Совсем расчувствовался Болтаи при этих словах; вспомнилась ему одна немецкая трагедия, там тоже была подобная сцена и очень хорошо играли, он так же вот чуть не прослезился.

– Ну, полно, сударыня. Не надо отчаиваться, – поспешил ободрить он причитавшую женщину. – Желание ваше, конечно, исполнится. И увидите свою дочку, и услышите. С ней и жить будете! Прекрасно вместе уживетесь, и все будет хорошо.

– Ах, сударь, ангельские вы речи говорите. Но доченька, доченька-то не полюбит уж, презирать меня будет.

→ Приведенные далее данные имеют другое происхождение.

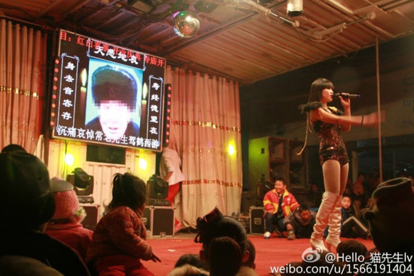 “Hai vũ nữ thoát y ăn mặc hở hang nhảy trên một sân khấu ở đám tang trong làng vào tối 15.2”, một nhân chứng họ Zhang cho hay.

– Об этом не беспокойтесь, сударыня. Вас никто перед ней не чернил, а Фанни – слишком добрая душа, чтобы от матери своей в нужде отвернуться. Я вас к ней отвезу, потому что в деревню ее отослал, от козней разных укрыть. Там и живет она с теткой, сестрой отца своего. Женщина это довольно суровая, ну да я уж за вас заступлюсь.

– Ах, сударь, да я и не жду, что Тереза меня до себя допустит; я и служанкой готова, кухаркой при ней, лишь бы с дочкой, доченькой моей единственной рядом побыть.

– Будет вам, сударыня, оставьте вы эту чепуху! – возмутился с деланным негодованием Болтаи. – Хватит у меня служанок, не буду же я мать своей питомицы работой нагружать! Через час едем, а остальное предоставьте мне.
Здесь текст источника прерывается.